Characterization of the 25K FP gene of the baculovirus Bombyx mori nucleopolyhedrovirus: implications for post-mortem host degradation.

Mutagenesis experiments on the baculovirus Bombyx mori nucleopolyhedrovirus (BmNPV) using 5-bromo-2'-deoxyuridine generated five mutants with a 'few polyhedra' (FP) phenotype. Sequence analysis of the 25K gene homologue of the BmNPV FP mutants revealed nucleotide substitutions in the coding region. Rescue experiments indicated that the FP phenotype of the BmNPV mutants resulted from mutations in the 25K coding region. Effects of infection by these FP mutants were analysed following injection of the viruses into silkworm (B. mori) larvae. Compared to infection with wild-type virus, infection with each FP mutant resulted in reduced host degradation (liquefaction). The degree to which liquefaction was blocked corresponded to the degree of functional disruption of the 25K gene product and to the extent to which polyhedron production was reduced. Electron microscopy revealed that (1) polyhedron production was reduced, (2) very few virions were occluded and those that were lacked envelopes, and (3) the basal lamina of fat-body tissue was not destroyed by infection and accumulations of virions occurred along the membrane. Typical NPV-induced liquefaction was observed following infection with a polyhedrin deletion mutant, indicating that host degradation was not related to polyhedron production.

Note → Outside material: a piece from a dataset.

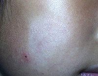 皮肤浅,呈苍白色,表面干燥,附有少量细碎灰白色鳞屑。基底炎症轻微或缺乏,损害可逐渐扩大,邻近者可相互融合。自觉微痒或无自觉症状,皮损好发于颜面,尤其是双颊及额部,亦可见于颈部、躯干及四肢。损害可自然消退,遗留轻度色素减退,病程缓慢,数月以至1年,鳞屑消退后,白斑尚持续年余。该病多见于儿童或青少年,春季发生较多,亦可见于初夏及冬季。.

These results suggest that (1) the 25K gene product is involved in the host degradation process caused by virus infection and (2) the FP phenotype is an indirect result of disruption of the 25K gene; activation or suppression of a specific host or viral gene related to tissue degradation and polyhedron formation may be involved.

Colocalization of baculovirus IE-1 and two DNA-binding proteins, DBP and LEF-3, to viral replication factories.

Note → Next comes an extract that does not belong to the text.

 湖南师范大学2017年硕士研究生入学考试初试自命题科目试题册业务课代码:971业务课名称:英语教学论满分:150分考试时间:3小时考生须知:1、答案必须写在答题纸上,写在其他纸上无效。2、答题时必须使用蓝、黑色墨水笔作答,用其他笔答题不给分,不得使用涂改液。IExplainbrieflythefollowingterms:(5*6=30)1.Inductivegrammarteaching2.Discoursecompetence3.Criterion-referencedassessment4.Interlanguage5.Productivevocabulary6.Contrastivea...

We have recently identified a DNA-binding protein (DBP) from the baculovirus Bombyx mori nucleopolyhedrovirus (BmNPV) which can destabilize double-stranded DNA (V. S. Mikhailov, A. L. Mikhailova, M. Iwanaga, S. Gomi, and S. Maeda, J. Virol. 72:3107-3116, 1998). DBP was found to be an early gene product that was not present in budded or occlusion-derived virions. In order to characterize the localization of DBP during viral replication, BmNPV-infected BmN cells were examined by immunostaining and confocal microscopy with DBP antibodies. DBP first appeared as diffuse nuclear staining at 4 to 6 h postinfection (p.i.) and then localized to several specific foci within the nucleus at 6 to 8 h p.i. After the onset of viral DNA replication at around 8 h p.i., these foci began to enlarge and eventually occupied more than half of the nucleus by 14 h p.i. After the termination of viral DNA replication at about 20 h p.i., the DBP-stained regions appeared to break down into approximately 100 small foci within the nucleus. At 8 h p.i., the distribution of DBP as well as that of IE-1 or LEF-3 (two proteins involved in baculovirus DNA replication) overlapped well with that of DNA replication sites labeled with bromodeoxyuridine incorporation. Double-staining experiments with IE-1 and DBP or IE-1 and LEF-3 further confirmed that, between 8 and 14 h p.i., the distribution of IE-1 and LEF-3 overlapped with that of DBP. However, IE-1 localized to the specific foci prior to DBP or LEF-3 at 4 h p.i. In the presence of aphidicolin, an inhibitor of DNA synthesis, immature foci containing IE-1, LEF-3, and DBP were observed by 8 h p.i. However, the subsequent enlargement of these foci was completely suppressed, suggesting that the enlargement depended upon viral DNA replication. At 4 h p.i., the number of IE-1 foci correlated with the multiplicity of infection (MOI) between 0.4 and 10. At higher MOIs (e.g., 50), the number of foci plateaued at around 15. These results suggested that there are about 15 preexisting sites per nucleus which are associated with the initiation of viral DNA replication and assembly of viral DNA replication factories.